[Extracted data entries]
────────────────

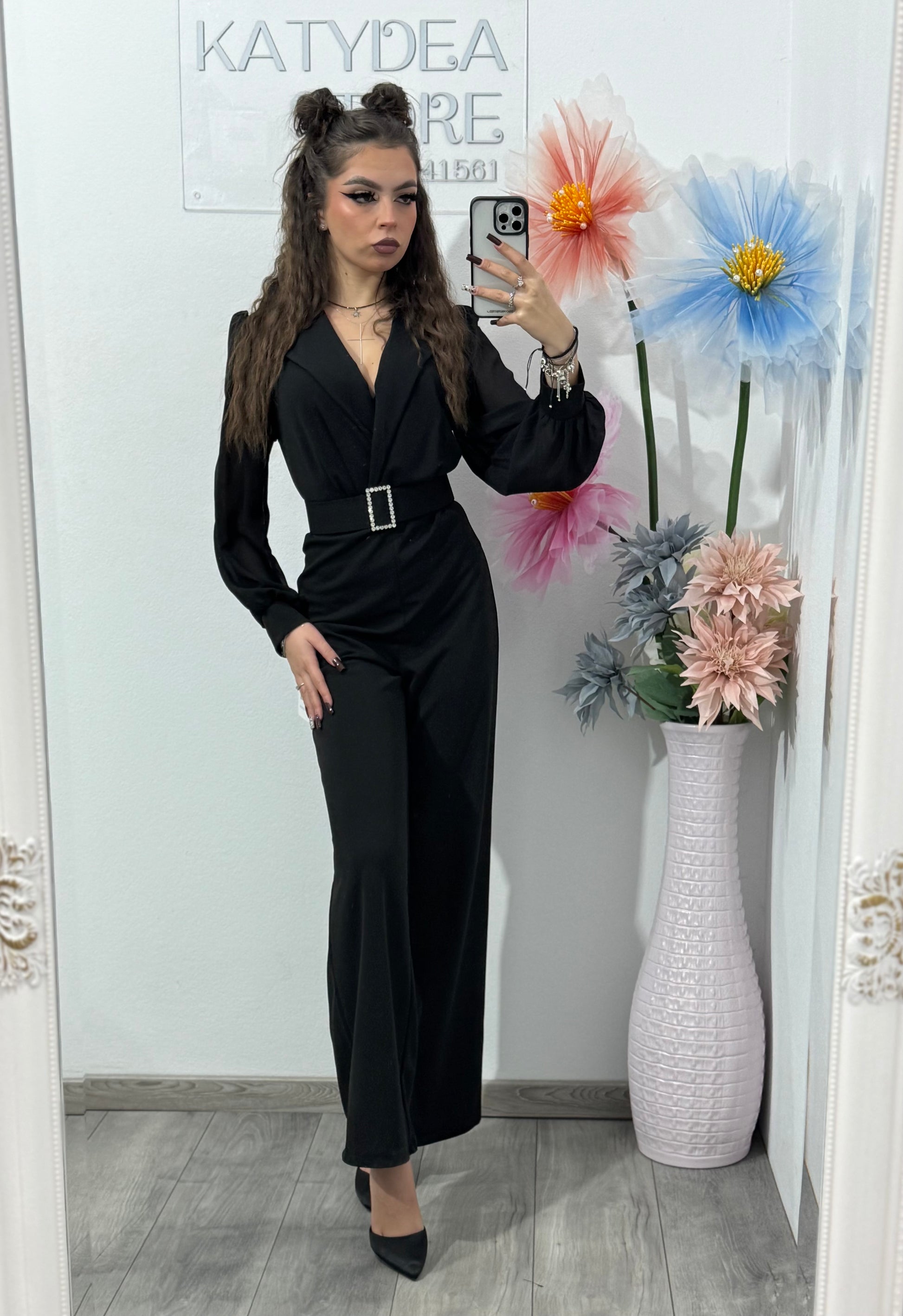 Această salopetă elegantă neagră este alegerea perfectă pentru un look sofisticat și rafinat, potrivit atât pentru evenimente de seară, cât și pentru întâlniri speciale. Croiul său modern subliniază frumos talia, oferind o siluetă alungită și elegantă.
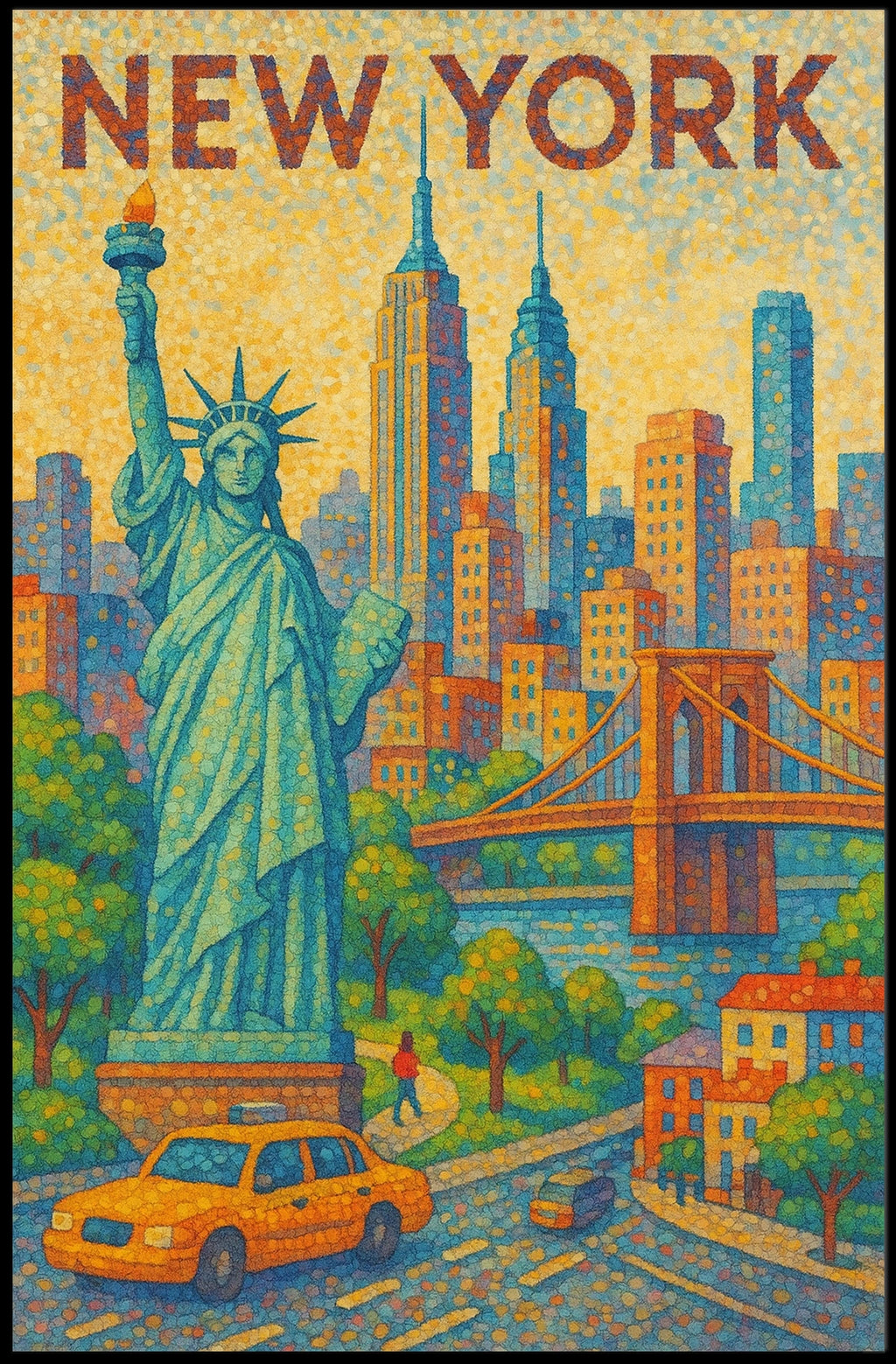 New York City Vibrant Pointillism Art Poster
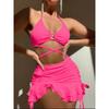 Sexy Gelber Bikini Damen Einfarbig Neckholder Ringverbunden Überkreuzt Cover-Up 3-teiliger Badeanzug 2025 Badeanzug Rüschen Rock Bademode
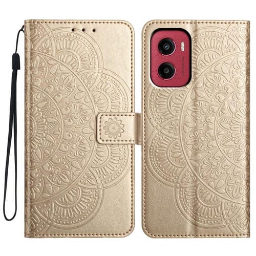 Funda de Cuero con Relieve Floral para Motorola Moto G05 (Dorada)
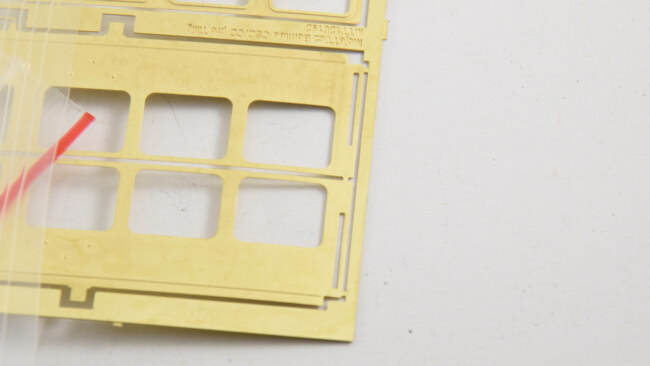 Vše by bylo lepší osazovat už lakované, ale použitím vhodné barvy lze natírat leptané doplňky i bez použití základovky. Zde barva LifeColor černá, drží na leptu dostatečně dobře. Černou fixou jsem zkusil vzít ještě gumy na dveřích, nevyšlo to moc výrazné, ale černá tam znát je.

────────────────

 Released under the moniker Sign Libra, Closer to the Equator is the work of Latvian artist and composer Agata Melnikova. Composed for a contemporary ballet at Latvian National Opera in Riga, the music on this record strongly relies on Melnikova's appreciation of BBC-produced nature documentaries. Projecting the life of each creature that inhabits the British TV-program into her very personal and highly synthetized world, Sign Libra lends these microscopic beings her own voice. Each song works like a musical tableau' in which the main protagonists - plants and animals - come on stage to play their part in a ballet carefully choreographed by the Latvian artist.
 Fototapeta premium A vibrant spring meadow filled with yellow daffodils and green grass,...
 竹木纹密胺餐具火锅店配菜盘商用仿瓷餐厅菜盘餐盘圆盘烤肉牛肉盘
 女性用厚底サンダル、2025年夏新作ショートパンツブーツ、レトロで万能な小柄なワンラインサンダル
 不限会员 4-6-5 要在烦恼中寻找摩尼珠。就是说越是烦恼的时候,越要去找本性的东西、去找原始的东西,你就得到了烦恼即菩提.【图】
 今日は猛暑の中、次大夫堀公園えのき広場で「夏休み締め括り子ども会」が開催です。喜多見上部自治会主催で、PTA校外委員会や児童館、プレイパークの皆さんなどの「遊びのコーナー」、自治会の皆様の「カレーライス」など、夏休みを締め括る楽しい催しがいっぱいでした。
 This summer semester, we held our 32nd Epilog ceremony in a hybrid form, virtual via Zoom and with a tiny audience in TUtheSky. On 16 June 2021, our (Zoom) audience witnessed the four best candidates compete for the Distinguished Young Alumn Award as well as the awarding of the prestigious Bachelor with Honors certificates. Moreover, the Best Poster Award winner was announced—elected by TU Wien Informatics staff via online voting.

────────────────

TASK:
Transcribe the records above from the line holding "Released under the" down to the line holding "This summer semester, we", inclusive, without adding anything.

SOLVED EXERCISE:
 Released under the moniker Sign Libra, Closer to the Equator is the work of Latvian artist and composer Agata Melnikova. Composed for a contemporary ballet at Latvian National Opera in Riga, the music on this record strongly relies on Melnikova's appreciation of BBC-produced nature documentaries. Projecting the life of each creature that inhabits the British TV-program into her very personal and highly synthetized world, Sign Libra lends these microscopic beings her own voice. Each song works like a musical tableau' in which the main protagonists - plants and animals - come on stage to play their part in a ballet carefully choreographed by the Latvian artist.
 Fototapeta premium A vibrant spring meadow filled with yellow daffodils and green grass,...
 竹木纹密胺餐具火锅店配菜盘商用仿瓷餐厅菜盘餐盘圆盘烤肉牛肉盘
 女性用厚底サンダル、2025年夏新作ショートパンツブーツ、レトロで万能な小柄なワンラインサンダル
 不限会员 4-6-5 要在烦恼中寻找摩尼珠。就是说越是烦恼的时候,越要去找本性的东西、去找原始的东西,你就得到了烦恼即菩提.【图】
 今日は猛暑の中、次大夫堀公園えのき広場で「夏休み締め括り子ども会」が開催です。喜多見上部自治会主催で、PTA校外委員会や児童館、プレイパークの皆さんなどの「遊びのコーナー」、自治会の皆様の「カレーライス」など、夏休みを締め括る楽しい催しがいっぱいでした。
 This summer semester, we held our 32nd Epilog ceremony in a hybrid form, virtual via Zoom and with a tiny audience in TUtheSky. On 16 June 2021, our (Zoom) audience witnessed the four best candidates compete for the Distinguished Young Alumn Award as well as the awarding of the prestigious Bachelor with Honors certificates. Moreover, the Best Poster Award winner was announced—elected by TU Wien Informatics staff via online voting.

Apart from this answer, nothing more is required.